In deference to his age, trial sessions are being limited to two hours a day, and are scheduled to be held only twice a week.

Because Dey was 17 when he started serving at Stutthof, he is being tried in juvenile court and faces a possible six months to 10 years in prison if convicted. In Germany there are no consecutive sentences.

Dey’s attorney, Stefan Waterkamp, questioned why his client was being prosecuted now, saying that before a recent change in German legal reasoning, “nobody was interested in the simple guards.”

“Where does responsibility end?” he asked the court in his opening statement. “That is the question this trial must answer.”

In recent years, prosecutors have successfully convicted former death camp guards using the argument that by helping to operate camps like Auschwitz and Sobibor, they were accessories to the murders there.

The 2015 conviction of former Auschwitz guard Oskar Groening on such reasoning was upheld by a German federal court, solidifying the precedent.

In Dey’s case, the reasoning is being applied to a concentration camp rather than a death camp. Prosecutors have expressed confidence it still pertains, since tens of thousands of people were killed in Stutthof even though — unlike at the death camps — the site’s sole purpose wasn’t murder.

Even in concentration camps, “it was almost a certain death sentence,” said Efraim Zuroff, the head Nazi hunter at the Simon Wiesenthal Center in Jerusalem who attended the opening of the trial.

Zuroff, who helped locate nearly two dozen Stutthof survivors for the case, rejected Waterkamp’s suggestion that Dey should not be prosecuted because higher-ranking Nazis were never brought to trial.

“Just because more senior criminals got away with a crime doesn’t mean that the more minor criminals are not guilty,” he said.

Stutthof was established by Nazi Germany in 1939 east of Danzig and was initially used as the main collection point for Jews and non-Jewish Poles removed from the city.

From about 1940, it was used as a so-called “work education camp” where forced laborers, primarily Polish and Soviet citizens, were sent to serve sentences and often died. Others incarcerated there included criminals, political prisoners, homosexuals and Jehovah’s Witnesses.

From mid-1944, when Dey was posted there, it was filled with tens of thousands of Jews from ghettos being cleared by the Nazis in the Baltics as well as from Auschwitz, and thousands of Polish civilians swept up in the brutal suppression of the Warsaw uprising.

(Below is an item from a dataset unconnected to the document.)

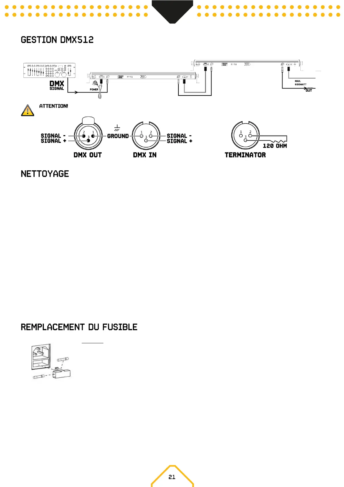 de 120 ohms entre le signal (-) et le signal (+) et connectez-la à la sortie DMX du dernier appareil sur la ligne.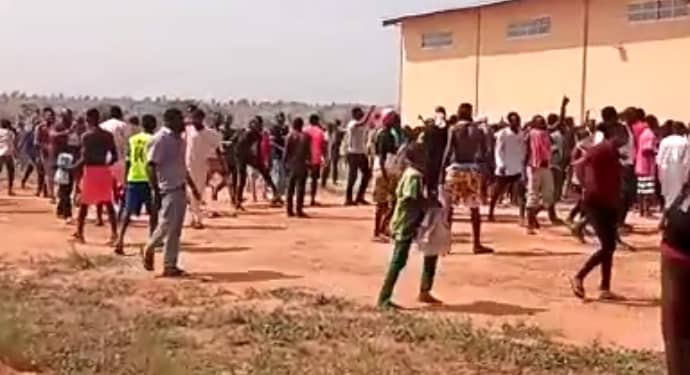 A series of videos posted by witnesses first showed the youths advancing towards the warehouse and security operatives forming a cordon over the warehouse and asking them to stay off.

In the end, more than 60,000 people were killed there by being given lethal injections of gasoline or phenol directly to their hearts, shot or starved. Others were forced outside in winter without clothes until they died of exposure, or were put to death in a gas chamber.

About three dozen survivors and their relatives have joined the trial as co-plaintiffs, as allowed under German law, including New York filmmaker Ben Cohen, whose grandmother survived Stutthof but whose great-grandmother died in the camp’s gas chamber during the time Dey served as a camp guard.

Attending the opening, Cohen said there could never be full justice for his family, but just the fact that German authorities are pursuing the case is an important signal.

He said his grandmother, Judy Meisel, who was taken to Stutthof at age 15, hoped Dey would testify to help shine some light on how something like the Holocaust could occur. Meisel, 90, now lives in Minneapolis and will not be able to attend the trial herself, Cohen said.

“These were people who were convinced they should murder every Jew. How does a person do that?” Cohen said. “We don’t hold him accountable for everything that happened at Stutthof but he could do a lot by talking about what went on there as a guard.”

Dey himself told prosecutors his SS comrades talked of the “extermination of the Jews” and said he had “done people wrong” by serving there.

“I did not know why they were there,” Dey told prosecutors. “I knew well that they were Jews who had committed no crime, that they were only there because they were Jews. And they have the same right to live and to work like any other person. But it was just that Hitler or his party ... had something against the Jews.”